Replication forks pause at yeast centromeres.

Abstract

The 120 bp of yeast centromeric DNA is tightly complexed with protein to form a nuclease-resistant core structure 200 to 240 bp in size. We have used two-dimensional agarose gel electrophoresis to analyze the replication of the chromosomal copies of yeast CEN1, CEN3, and CEN4 and determine the fate of replication forks that encounter the protein-DNA complex at the centromere. We have shown that replication fork pause sites are coincident with each of these centromeres and therefore probably with all yeast centromeres. We have analyzed the replication of plasmids containing mutant derivatives of CEN3 to determine whether the replication fork pause site is a result of an unusual structure adopted by centromere DNA or a result of the protein-DNA complex formed at the centromere. The mutant centromere derivatives varied in function as well as the ability to form the nuclease-resistant core structure.
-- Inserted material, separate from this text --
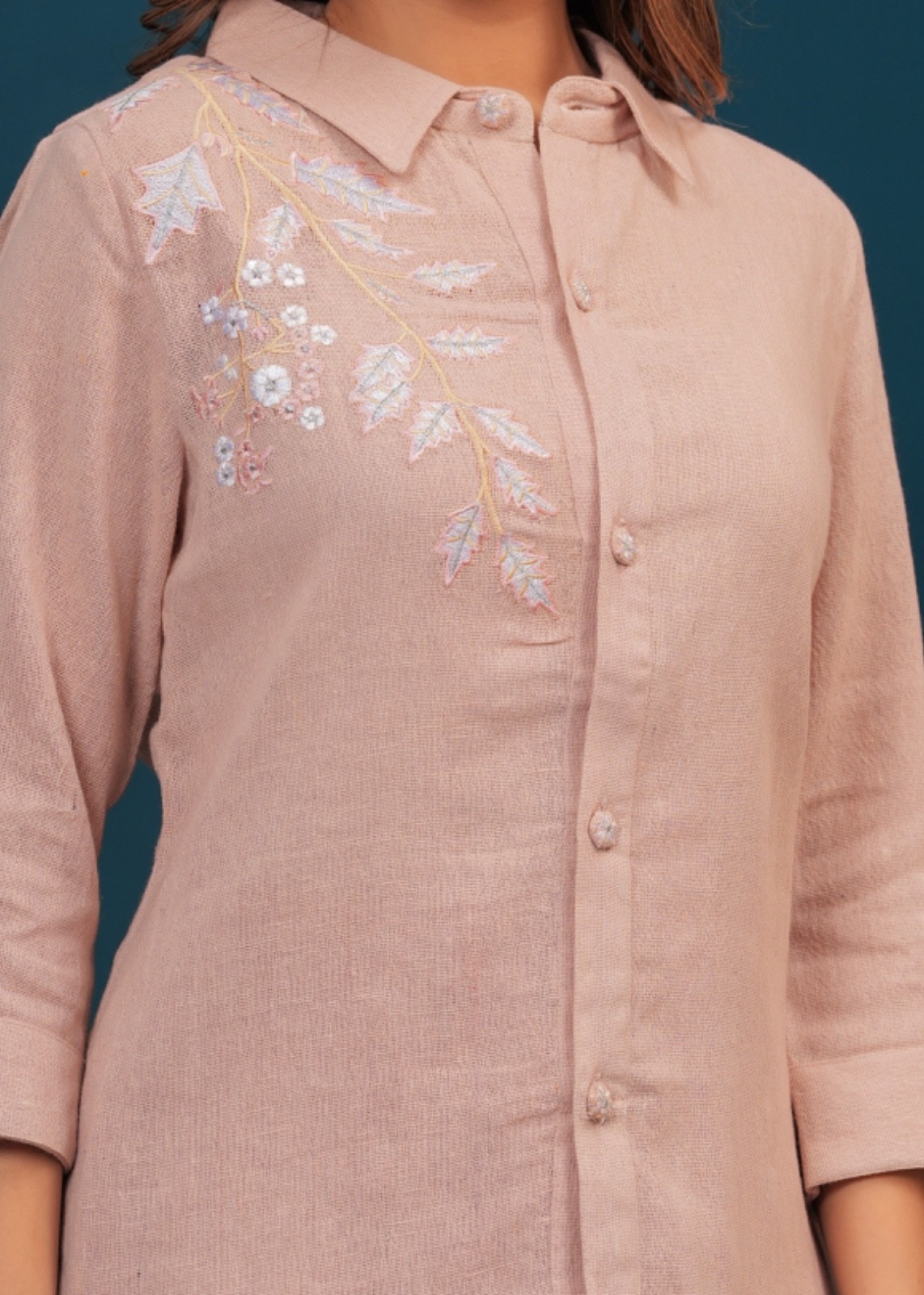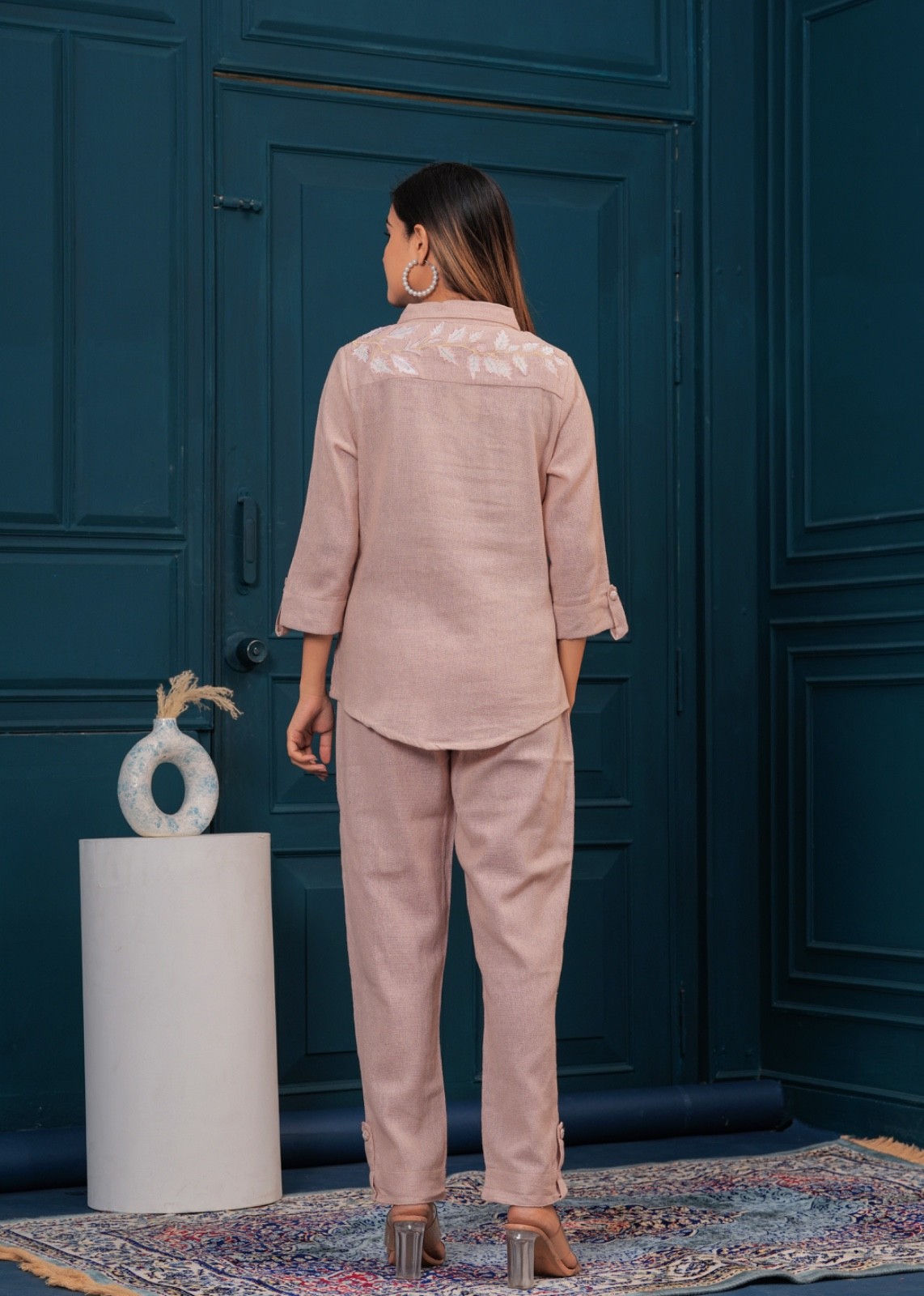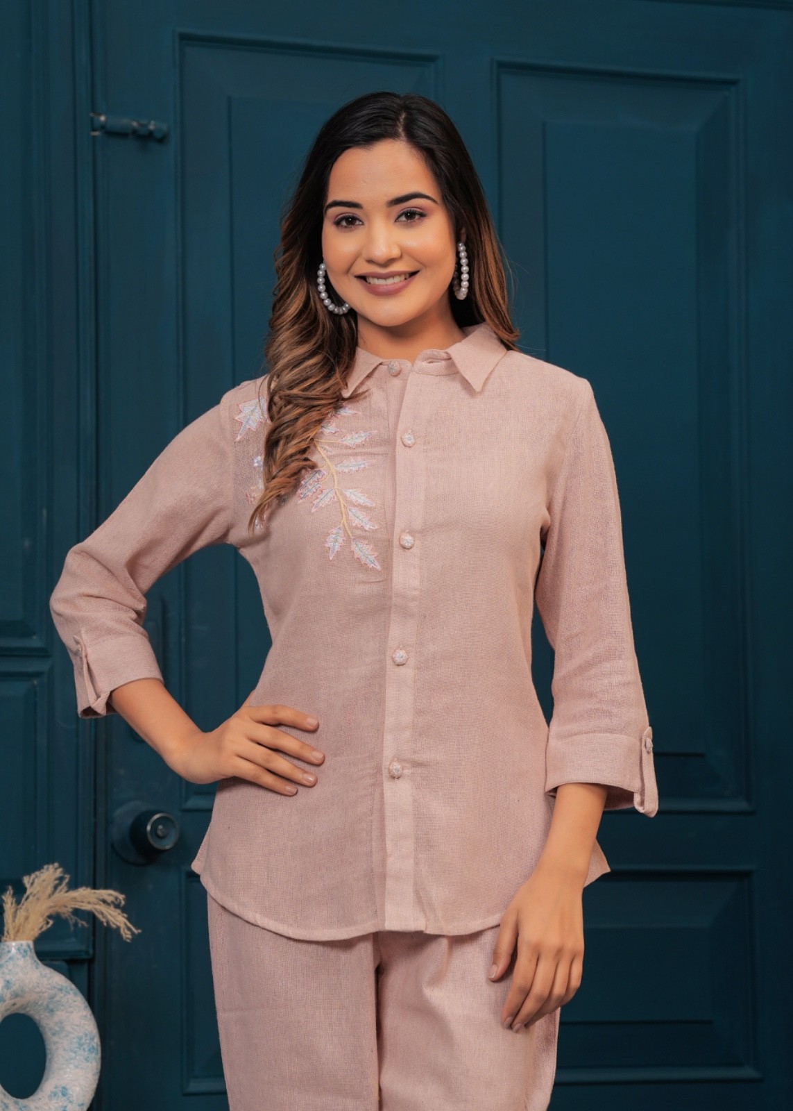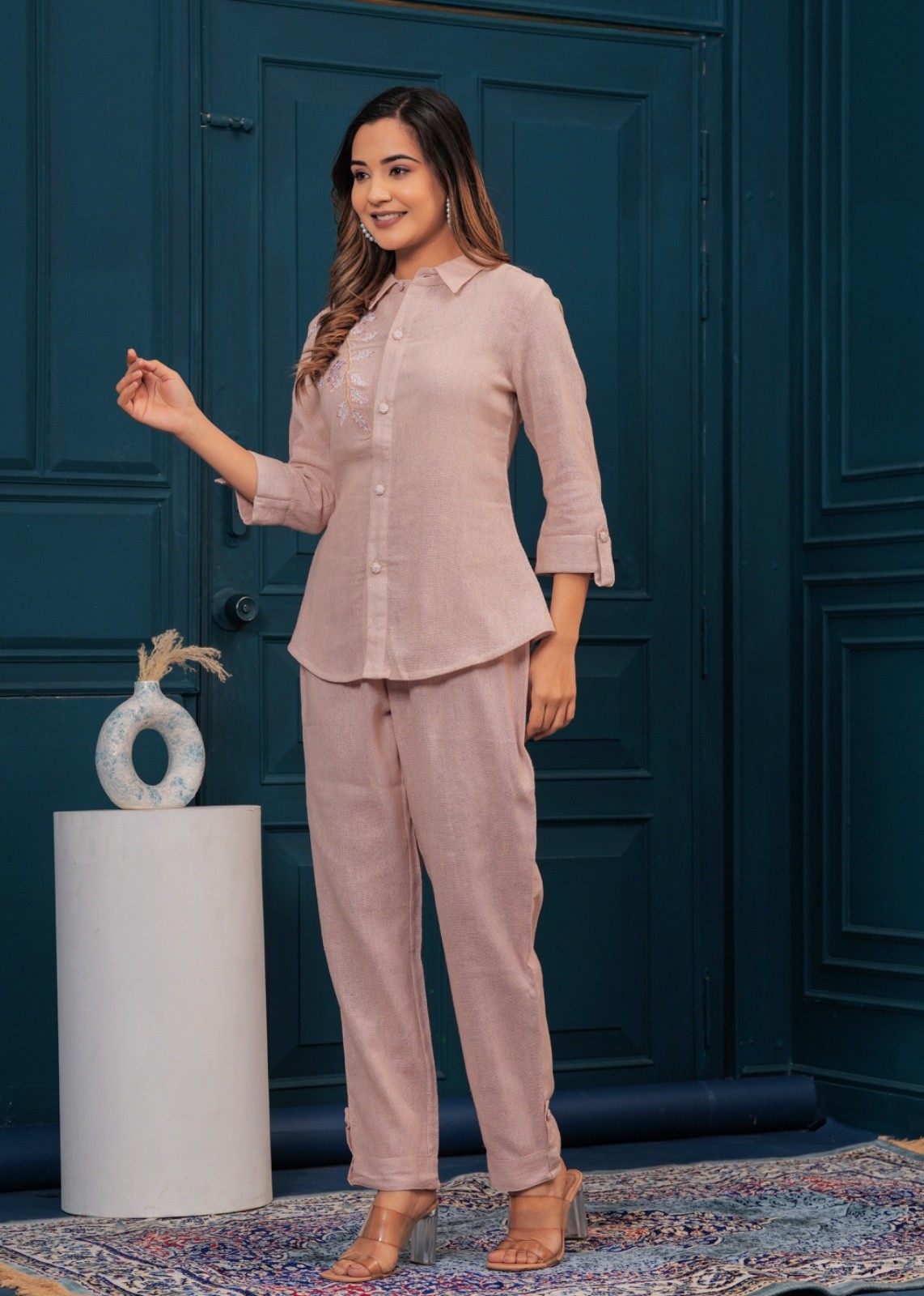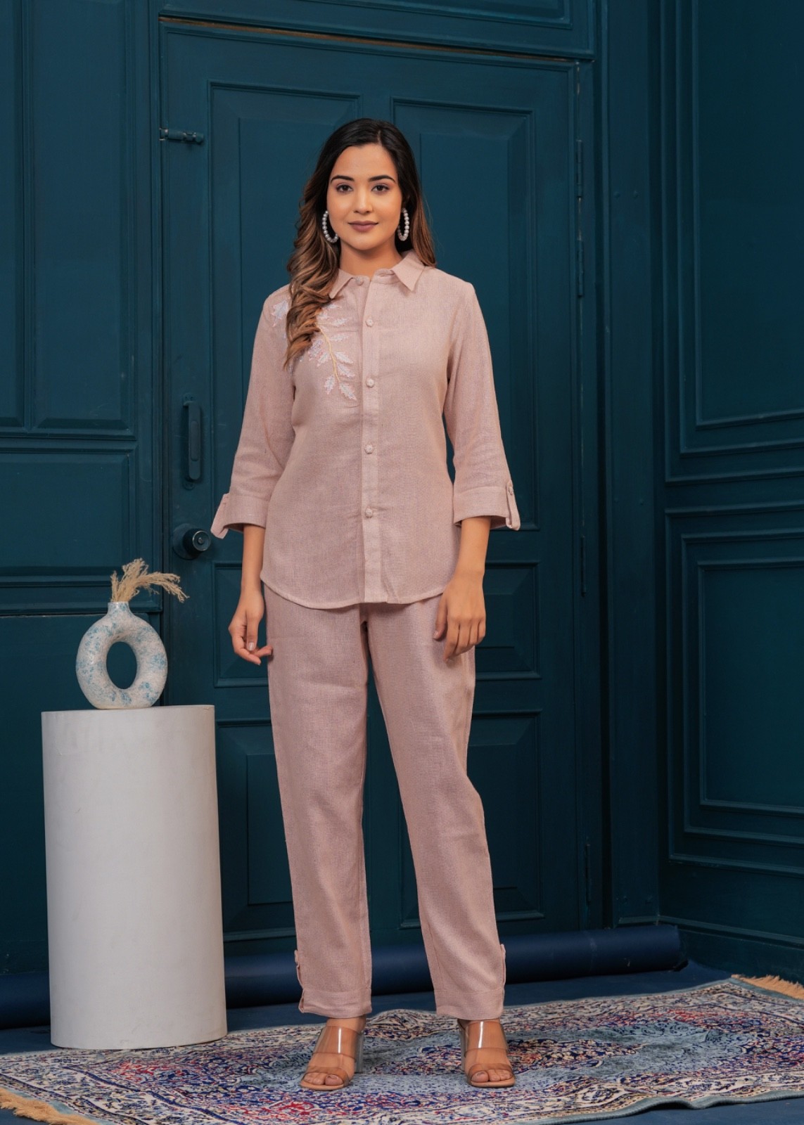 Women s Co-Ord Set Light Pink Cotton Blend Shirt Pant Casual Outfit

The data obtained from analysis of these derivatives indicate that the ability to cause replication forks to pause correlates with the ability to form the nuclease-resistant core structure and not with the presence or absence of a particular DNA sequence. Our findings further suggest that the centromere protein-DNA complex is present during S phase when replication forks encounter the centromere and therefore may be present throughout the cell cycle.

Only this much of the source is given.